2. Client uploads parts directly to S3 (resumable). S3 events or client notify API to mark parts uploaded.
3. Client calls complete -> API verifies parts, marks video as uploaded, enqueues processing job.
4. Processing DAG transcodes segments in parallel, writes manifests and segments to S3, updates metadata with manifest URLs and marks status "ready".
5. Viewer requests video -> API returns metadata including CDN-accelerated manifest URL; client plays using adaptive streaming.

8. Detailed Design Decisions

Key decisions and rationale:

• Presigned multipart uploads -> avoid passing large blobs through app servers; enables resumable uploads and client-direct transfers.
• Use object store (S3) for all blob storage -> high durability, lifecycle policies, cheap storage tiers for older content.
• Transcoding pipeline as DAG (Temporal / orchestrator) -> parallelize CPU-bound work per segment; pass S3 URLs between steps.
• Store metadata in Cassandra -> high write throughput, horizontal scaling, eventual consistency; partition by videoId to enable point lookups.
• CDN for streaming -> reduce origin egress and latency; cache manifests & segments for adaptive bitrate.
• Adaptive bitrate (HLS/DASH) -> generate multiple renditions, segment durations ~2-6s, provide master manifest pointing to media manifests.
• Favor availability over consistency -> eventual consistency for metadata acceptable; use client-side retries and idempotency for APIs.
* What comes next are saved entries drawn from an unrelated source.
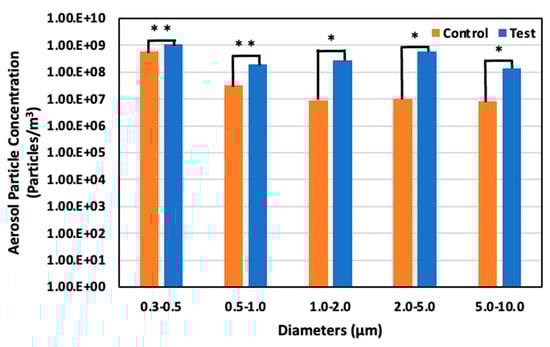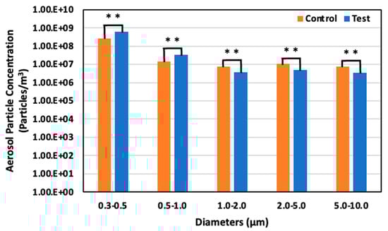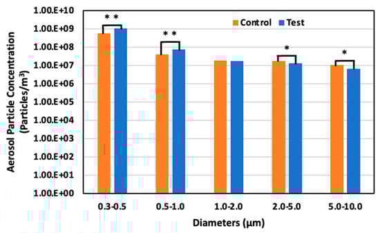 Aerosol particle concentration in the control and test areas on day 11 at 59 days old; *: p < 0.05; **: p < 0.01.
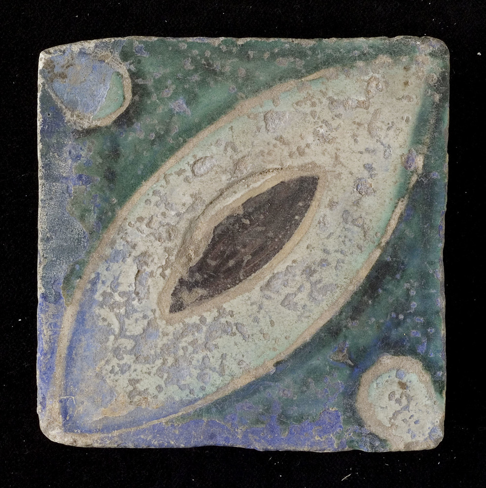 gekraste tegel van aardewerk met tinglazuur, vervaar...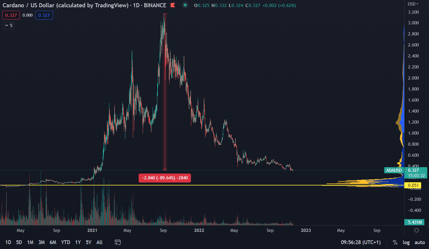 Ako vidíme na grafe nižšie, ADA sa v čase písania článku obchoduje o 90 % nižšie v porovnaní s historickým maximom dosiahnutým na úrovni 3,16 dolárov. Trhová cena na hodnote 0,32 dolára bola naposledy dosiahnutá počas januára 2021 a nachádza sa na takmer dvojročnom minime.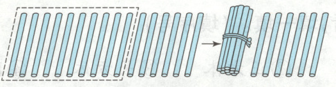 数出 10 根小棒,捆成一捆,数起来既方便又清楚。这些小棒有(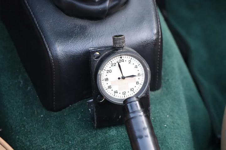The interior has also been renewed and is therefore in excellent condition. The beige upholstery is finished in beige (imitation leather), and the dashboard is beautifully trimmed with wood. The upgraded seats feature headrests. The floor is covered with elegant green carpeting. The soft top can be stored under a tonneau cover. A wind deflector adds extra comfort while driving. The interior also includes a heater and a Philips radio player. The trunk is neat and, under the double floor, offers space for the spare wheel.

Operational considerations:

• Autoscale worker pool based on queue depth.
• TTL/lifecycle for original uploads or intermediate artifacts to reduce storage costs.
• Warm caches for trending content; prefetch popular manifests/segments into CDN.

9. Bottlenecks & Scaling

Potential bottlenecks and mitigations:

• Hot videos (read hotspot): mitigate with CDN, distributed cache, replicate metadata across nodes, and use aggressive TTL caching for metadata.
• Transcoding compute cost and latency: use highly parallel worker fleets, GPU/CPU optimized instances, and autoscale based on queue depth; consider on-demand vs. spot fleets.
• Upload spikes: scale presign API horizontally behind LB; rely on S3 for ingest; throttle or queue presign requests if needed.
• Large storage and cost: use storage tiers, compress with efficient codecs (VP9/AV1), and garbage-collect unused originals.
• Network egress: offload to CDN and use regional origins to reduce cross-region traffic.
• Consistency for session/parts: use idempotent part identifiers (checksums) and rely on object store multipart upload semantics for correctness.
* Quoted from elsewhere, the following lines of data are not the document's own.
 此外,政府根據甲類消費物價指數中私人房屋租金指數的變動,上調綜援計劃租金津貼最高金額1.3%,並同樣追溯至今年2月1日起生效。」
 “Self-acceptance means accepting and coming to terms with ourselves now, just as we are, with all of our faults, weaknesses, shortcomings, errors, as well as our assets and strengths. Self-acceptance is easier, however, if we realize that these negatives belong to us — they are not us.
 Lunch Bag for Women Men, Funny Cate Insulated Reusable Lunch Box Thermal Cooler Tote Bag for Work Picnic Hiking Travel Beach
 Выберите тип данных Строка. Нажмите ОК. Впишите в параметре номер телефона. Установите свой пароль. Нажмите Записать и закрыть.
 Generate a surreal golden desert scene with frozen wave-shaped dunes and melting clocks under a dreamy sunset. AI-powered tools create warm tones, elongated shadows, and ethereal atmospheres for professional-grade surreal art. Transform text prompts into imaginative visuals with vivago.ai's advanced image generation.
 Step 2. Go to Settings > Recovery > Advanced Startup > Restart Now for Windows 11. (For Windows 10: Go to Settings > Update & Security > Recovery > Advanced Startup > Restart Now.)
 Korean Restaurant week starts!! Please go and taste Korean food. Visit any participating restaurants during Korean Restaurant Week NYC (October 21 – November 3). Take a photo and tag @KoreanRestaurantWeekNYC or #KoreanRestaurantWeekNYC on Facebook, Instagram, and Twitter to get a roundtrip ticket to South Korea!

10. Follow-up Questions / Extensions

• Support pipelined processing: client uploads pre-segmented chunks and server starts transcoding before entire original uploaded.
• Exact view counting and analytics: design a scalable counters system (approximate counters with periodic aggregation vs strong counters for billing).
• Live streaming: add ingest servers, lower-latency chunking, sub-second segmenting, and specialized CDN behaviors.
• Recommendations / personalization: build separate services with graph processing and feature stores (out of scope).
• Content moderation / copyright detection: integrate offline & nearline classifiers and human review pipelines.

11. Wrap-up

Design focuses on three pillars: reliable resumable uploads (presigned multipart to object store), scalable transcoding (DAG/orchestrator and parallel workers), and low-latency playback (multiple renditions + CDN). Use highly available components (S3, Cassandra, CDN) and elastic compute to meet peaks. Favor availability and eventual consistency for metadata, and design for caching and hotspot mitigation for viral content.